Having examined the provisions of the SEO for the Construction Sector, S.I. 455/2017, which came into effect on 1st October 2017, the Court notes that there is no provision contained therein for “normal working hours” and no provision for “overtime”. The statutory instrument has a clause on“Unsocial Hours Payments”, which provides as follows:-
- Monday to Friday Normal finishing time to midnight time plus a half
Saturday First four hours’ time plus a half; all subsequent hours till midnight double time
Sunday All hours worked double time
Public Holidays All hours worked double time plus an additional day’s pay
The Court notes that the current SEO for the Construction Sector, S.I. 234/2019, operative from 31st May 2019 contains a clause on“Normal Working Hours"and
"Overtime Payments”.
When considering this claim the Court must have regard to the relevant statutory provision applicable at the material time. As S.I. 455/2017 simply provided that an unsocial hour’s payment was applicable after normal finishing time, then the Court finds that the Complainant exceeded the normal working time by one hour per week during the cognisable period.
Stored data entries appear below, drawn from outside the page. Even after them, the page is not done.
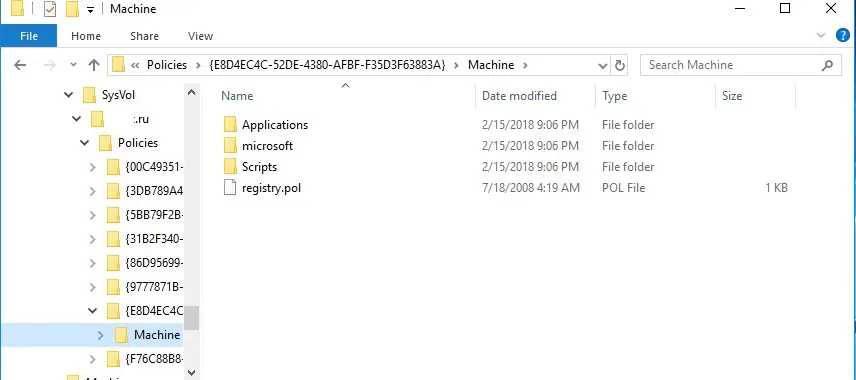 Каждая политика хранится в папке с уникальным GUID. При выходе компьютера из домена кеш обычно очищается, но иногда доменные политики продолжают действовать.
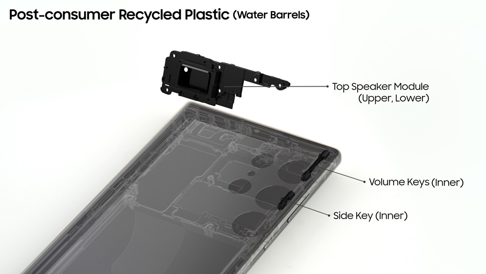 폐생수통 재활용 소재를 20% 사용해 만든 재활용 플라스틱(PC: Polycarbonates)은 상단∙하단 스피커 모듈, 사이드키, 볼륨키에 적용됐다.
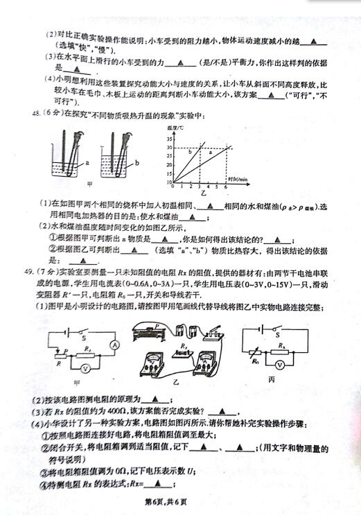 2018江苏靖江中考适应性调研测试物理试题(图片版)(6)
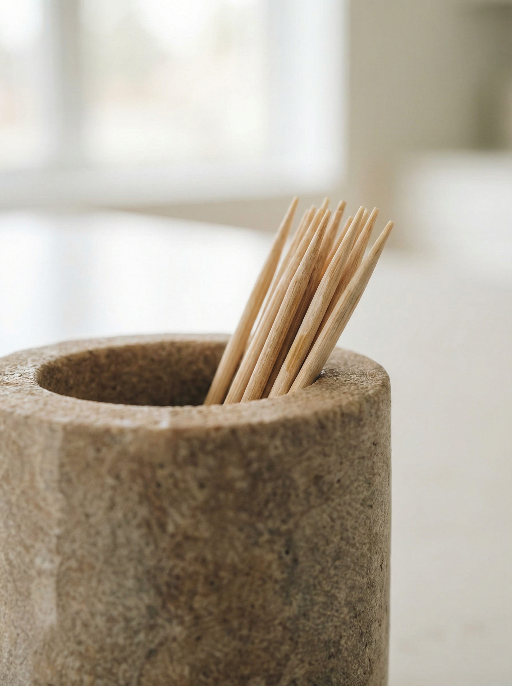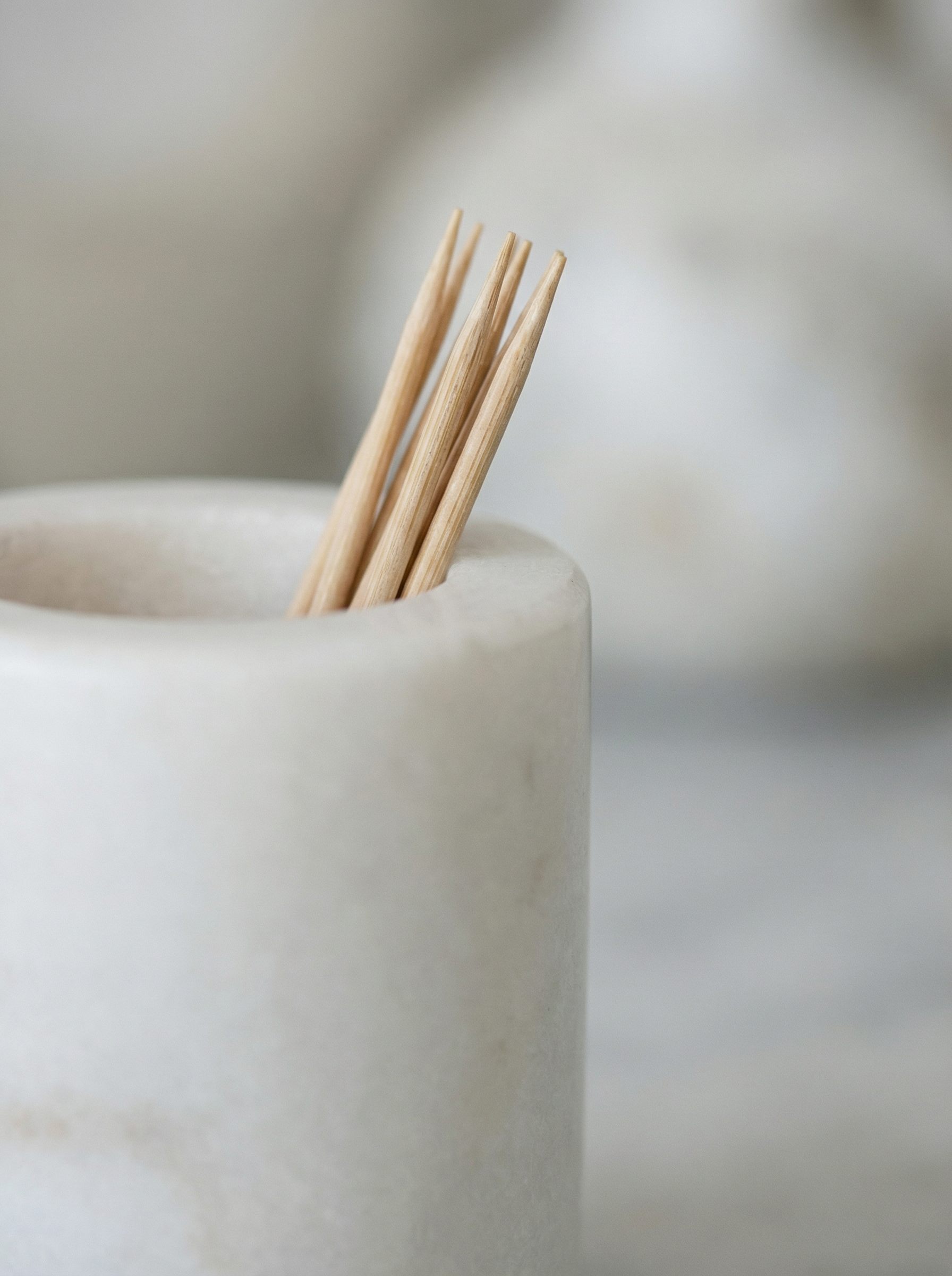 This marble toothpick holder showcases a clean, cylindrical silhouette with a naturally elegant feel. Each piece highlights the unique veining and variation of the stone, making it one of a kind.

Therefore, the Court finds that the total amount of wages properly payable to the Complainant was €885.56 per week, consequently there was a deficiency or non-payment of €8.52 per week which the Court is satisfied was a deduction under the Act by the Respondent.
On that basis, the Court directs the Respondent to pay the Complainant the sum of €161.88 by way of compensation for unpaid wages in the period from 6th August to 19th December 2018.
Determination
The Complainant’s appeal is allowed in part and the decision of the Adjudication Officer is set aside and substituted with this Determination.
The Court so Determines.
Signed on behalf of the Labour Court
Caroline Jenkinson
TH______________________
6 March 2020Deputy Chairman
NOTE
Enquiries concerning this Determination should be addressed to Therese Hickey, Court Secretary.